A blond Alpha in Mae's row leans forward, his amber eyes shifting between Jace and me with the open curiosity of a territorial animal assessing new arrivals in his environment. Cal Knox. I recognize him from the campus gossip circuit, one of Mae's unfortunate roommates, the dimpled follower with the cinnamon-roll scent.
"You know them?" he asks Mae.
"This is Sage and Jace. My friends. We met during orientation."
Cal gives Jace a once-over with the evaluative scrutiny of an Alpha measuring potential competition, which is adorable given that Jace possesses approximately zero interest in competing for anything that does not involve a controller or a scoreboard.
"And why are you in the dynamic?" Cal's voice carries that territorial edge I have heard from every Alpha who encounters a male presence near a female Omega and immediately begins calculating threat matrices.
Jace laughs, unbothered in the way that only someone who has spent his entire life being underestimated by Alphas can achieve.
"Aww. Not even a full day and you're fawning over our best friend already? Wild." He shakes his head. "She's not that easy, Graham Knox. Trust me. We've been trying."
Cal huffs, his posture stiffening.
"Did I show interest? No. She's our roommate. Or whatever. I'm just being protective of the living arrangement."
"Protective." I draw the word out, stretching it like taffy, letting each syllable drip with the specific sarcasm I reserve for Alphas who disguise possessiveness as concern. "Sure. We'll go with that."
Before Cal can formulate a rebuttal, another of Mae's roommates turns toward her with an expression so deliberately casual it might as well be wearing a sign that reads PREMEDITATED.

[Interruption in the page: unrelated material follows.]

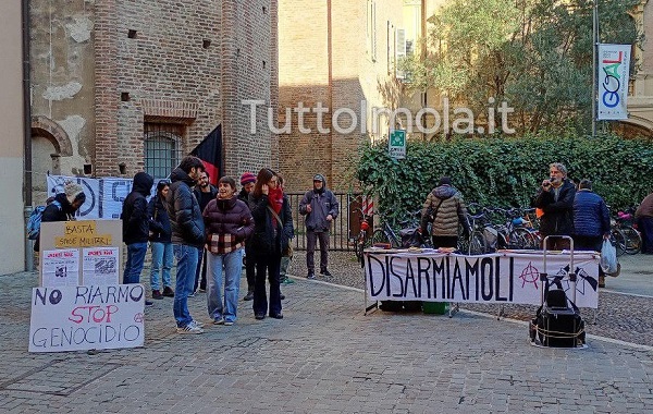 Imola, manifestazione “contro il riarmo e il commercio di armi”: volantini, appelli al boicottaggio e striscioni
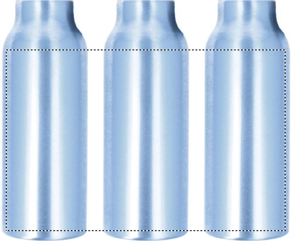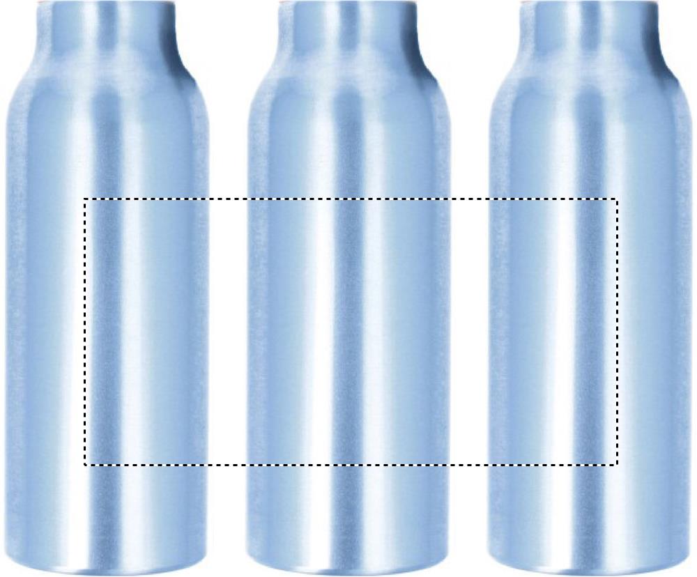 Single wall aluminium bottle with PP lid and silicone strap. Capacity: 500 ml. Leak Free.

Étienne Laurent. The quiet goalie with storm-blue eyes and a scent profile that half the Omega population has been discussing in reverent whispers since his arrival. I have catalogued his presence in Mae's orbit with the same attention I apply to all Alphas who position themselves near people I care about: closely, skeptically, and with a mental file ready for cross-referencing.

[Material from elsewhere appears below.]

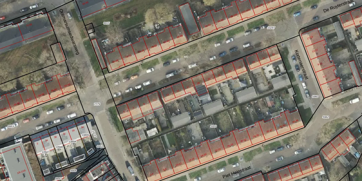 De Ruyterstraat 15 is gelegen op kadastraal perceel AML01B5959. Deze kadastrale aanduiding is uniek en wordt gebruikt door het Kadaster om eigendomsrechten en andere zakelijke rechten vast te leggen. Het perceel maakt onderdeel uit van de kadastrale gemeente Ambt-Almelo.

"So," he says, those blue eyes meeting Mae's with a warmth that makes my protective instincts prickle. "What should we do for our first date?"
Mae shrugs, a blush climbing her neck.
"I have no idea. What's cool around here? I haven't exactly had time to explore the local entertainment options between the crying over coffee and the kicking people in the groin."
"WAIT A DAMN MINUTE!"
The words explode from Cal, Jace, and me simultaneously, a three-voice detonation of identical volume and matching horror that briefly converts the classroom into a surround-sound system for collective disbelief.

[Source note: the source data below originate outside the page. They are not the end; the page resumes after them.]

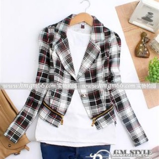 [库存]西装外套批发复古格仔西装外套格仔外套批发时尚小外套批发格子西装外套批发韩版女装外套批发
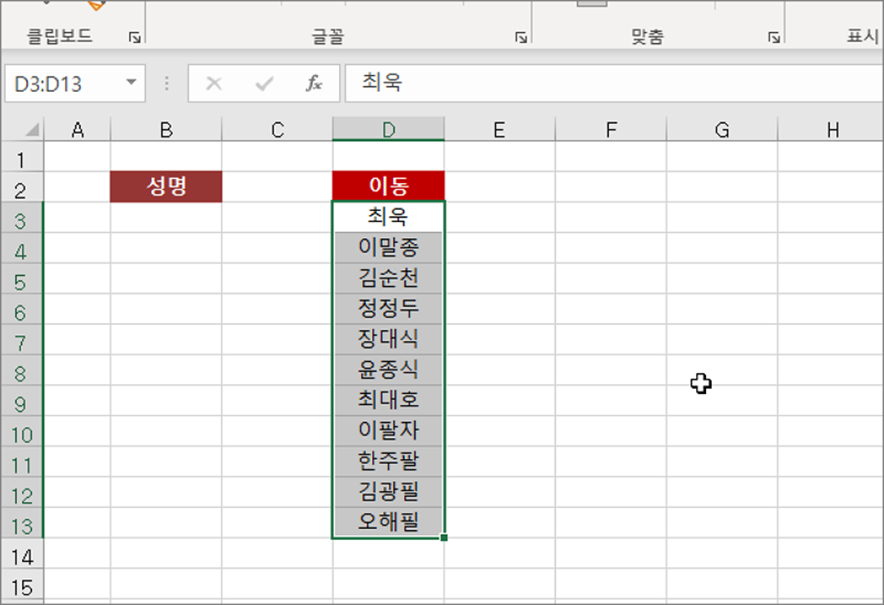 ▼ 클립보드에 잘라내기/붙여넣기 단축키는 Ctrl + X 와 Ctrl + V 입니다. 리본메뉴를 이용하는 것과 같습니다.
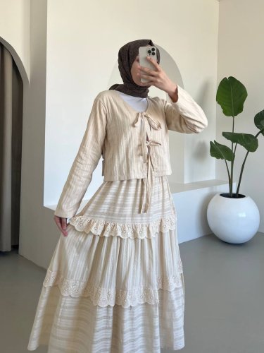 Önü Bağlamalı Fistolu Etekli Takım -Bej

"Repeat that." I point between Étienne and Mae, my finger oscillating like a metronome tracking a scandal. "Repeat what I just heard. Right now. Because I SWORE I just heard Étienne Laurent ask Mabeline Mae Rose on a date."
"A date," Cal echoes, his voice climbing. "He asked you on a DATE? When? How? WHY?"
"This morning." Jace supplies the intelligence with helpful efficiency. "In the parking lot. I saw them walking in together holding hands."
"YOU WERE HOLDING HANDS?" The shriek exits me at a frequency that could shatter laboratory equipment.
Mae has been at this school for less than forty-eight hours and she already has an Alpha asking her on dates. Meanwhile, I have been here for a week and my most significant romantic development is an unwashed tank top draped over my couch.
The universe distributes affection with the same fairness it distributes ice time: unevenly and with a bias toward people who are not me.
A voice cuts through our collective meltdown from two rows over, sharp enough to slice through the chaos like a blade through warm butter.
"He did ask her out, you deaf fools. And us smart people need to study after class, so if you could take this circus elsewhere, that would be appreciated."
I know the voice before I turn.
Archie.
My head swivels toward the source, and there he is. Sitting with perfect posture behind a fortress of textbooks and color-coded notes, wire-rimmed glasses perched on his nose, hisexpression radiating the precise irritation of a man whose carefully structured study environment has been invaded by people who insist on having social lives in his proximity.
Pretend you don't know me.
The instruction he delivered at my bedroom door echoes through my memory, and I honor it with a performance that deserves its own award category. My face registers nothing. No recognition. No flash of the morning we spent on the ice together, the bet, the locker room, the way his teeth tugged my lower lip while my spine pressed against cold metal. My expression communicates only the mild annoyance of a student being shushed by someone she has never meaningfully interacted with.